14 December 2012

Namibia: Muharukua Unimpressed By Kaoko Demonstrations

THE deputy minister of gender equality and child welfare, Angelika Muharukua, has castigated Himba and Zemba communities who held a second protest march at Opuwo last week to clamour for more say in how Kaokoland affairs are run.

“They are politicising things. They are killing the future generation,” said Muharukua, who hails from Kaokoland in the Kunene Region. “On the one hand, people want development, but on the other, they are opposing development.”

Various Himba and Zemba communities handed over a petition to a government official last week in which they demanded that the planned Baynes hydropower station be discarded because it would negatively impact on the environment and their social wellbeing.

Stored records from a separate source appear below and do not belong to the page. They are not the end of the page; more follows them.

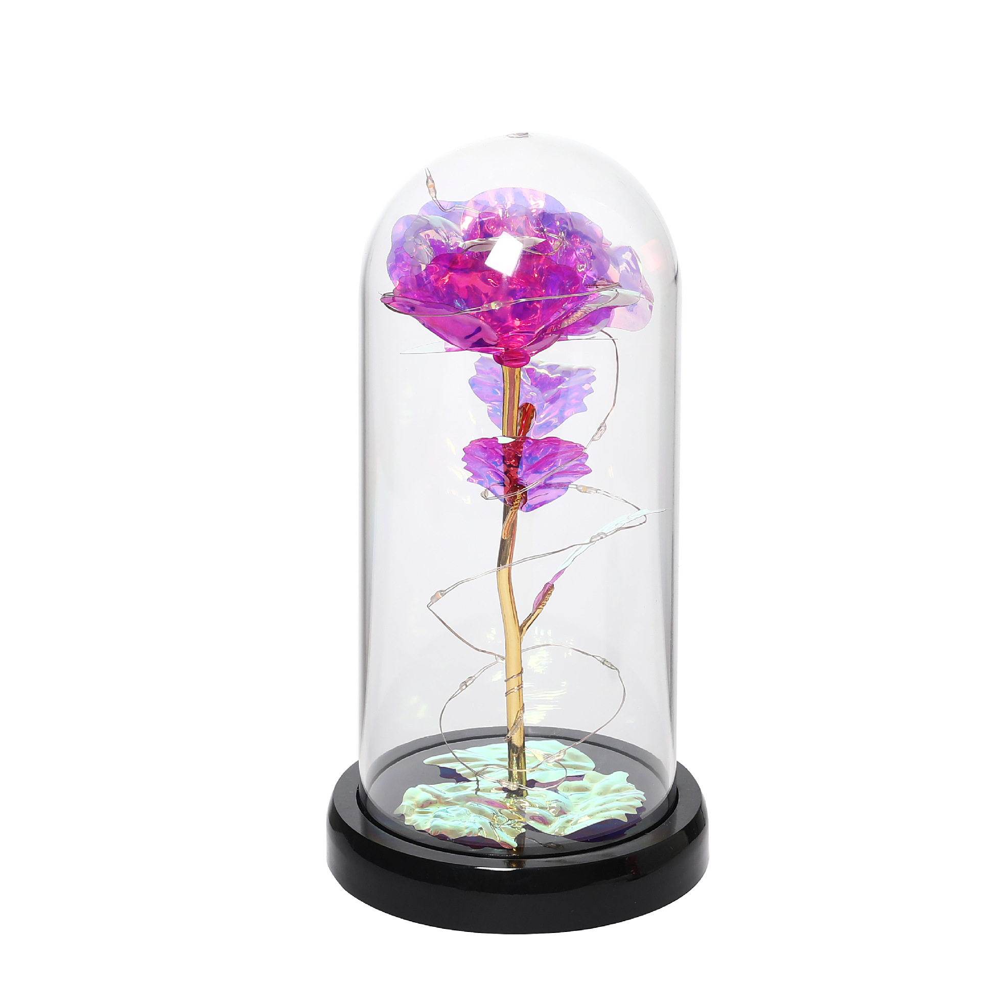 套装包含:玫瑰罩+底座+彩灯+金箔玫瑰+金箔叶+数据线
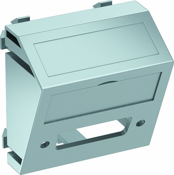 Multimediaträger für einen DVI Steckverbinder, Kabelauslass schräg, mit Beschriftungsfeld, ohne Steckverbinder. Trägerplatte mit Rastbefestigung, geeignet für den waagerechten und senkrechten Einbau in die Systemumgebung.
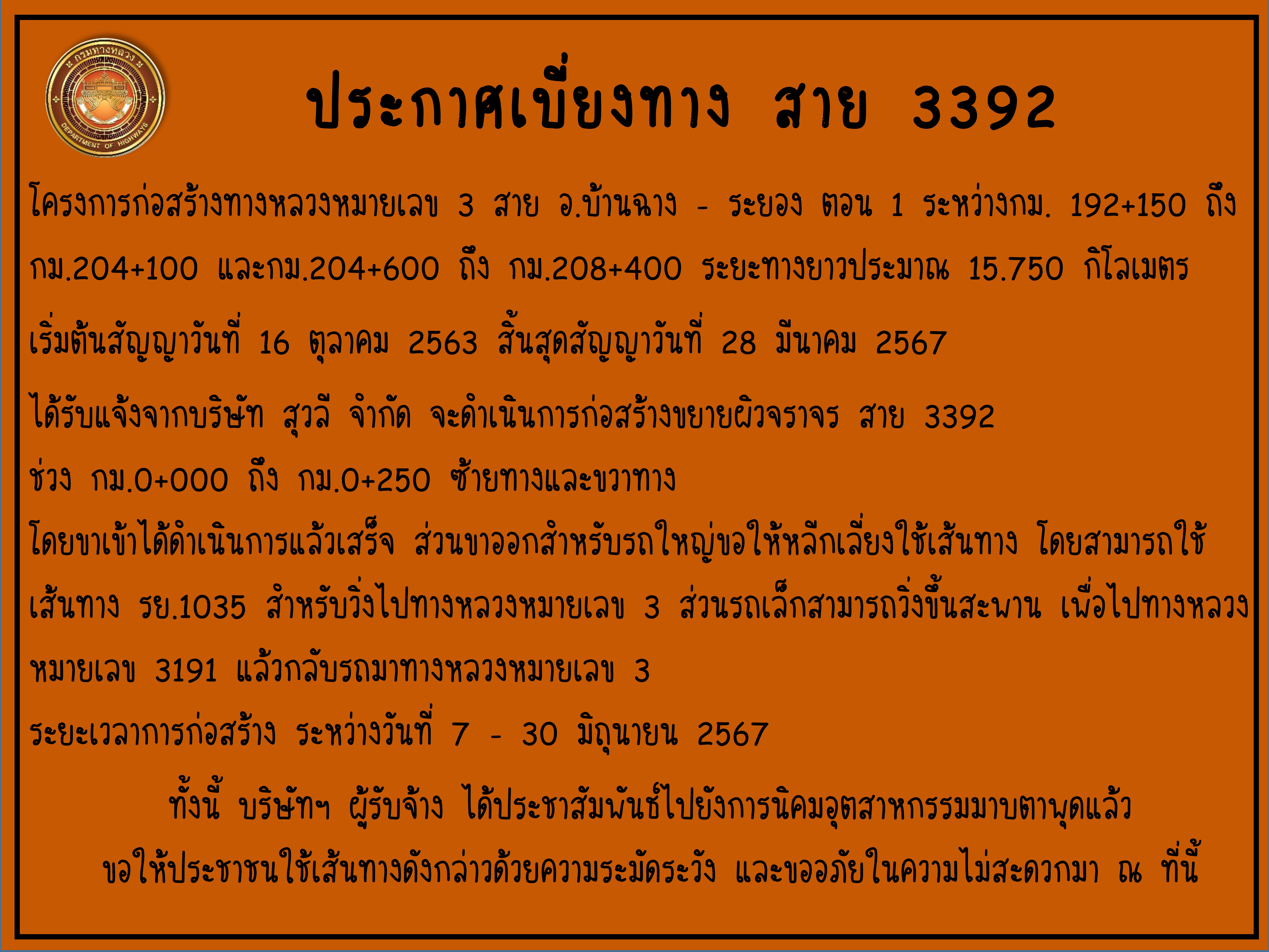 ข้อมูลข่าว : แจ้งเบี่ยงทาง สาย 3392 ตั้งแต่วันที่ 7 - 30 มิถุนายน 2567

They also complained about a “foreign invasion” of land in the Kaokoland, which forces them off their traditional lands.

The groups called on the government to stop the implementation of the Communal Land Reform Act of 1992, which they said would end land grabbing.

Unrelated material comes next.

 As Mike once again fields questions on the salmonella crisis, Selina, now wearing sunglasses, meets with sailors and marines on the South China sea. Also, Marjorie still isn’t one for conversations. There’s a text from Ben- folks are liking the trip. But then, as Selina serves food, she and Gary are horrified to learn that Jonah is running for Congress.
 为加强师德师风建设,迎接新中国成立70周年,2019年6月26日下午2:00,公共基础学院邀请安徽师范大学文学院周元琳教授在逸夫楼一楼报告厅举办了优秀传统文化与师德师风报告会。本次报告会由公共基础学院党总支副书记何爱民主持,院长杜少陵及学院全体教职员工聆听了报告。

They want their traditional authorities to be recognised by Government, and want their governance structures respected by the State.

Muharukua said former President Sam Nujoma sent a two-man delegation to these communities shortly after independence to organise traditional authorities.

She said the communities refused the offer since they claimed that Kuaima Riruako, then in the DTA, was their chief.

As far as complaints about mining in the area goes, Muharukua said although feasibility studies are underway to gauge the viability of mining activities there, actual mining has not yet started. She agreed that communities should be consulted before any mining starts.

She did, however, support Government’s plans for the Baynes hydroelectric scheme.

“I want to say to our people, please, we can oppose things that affect us but we must compromise with Government. Some of the communities will not be affected by the dam because they are not staying in the area. You have to oppose things that affect you. Our people have to understand what they are talking about,” Muharukua said.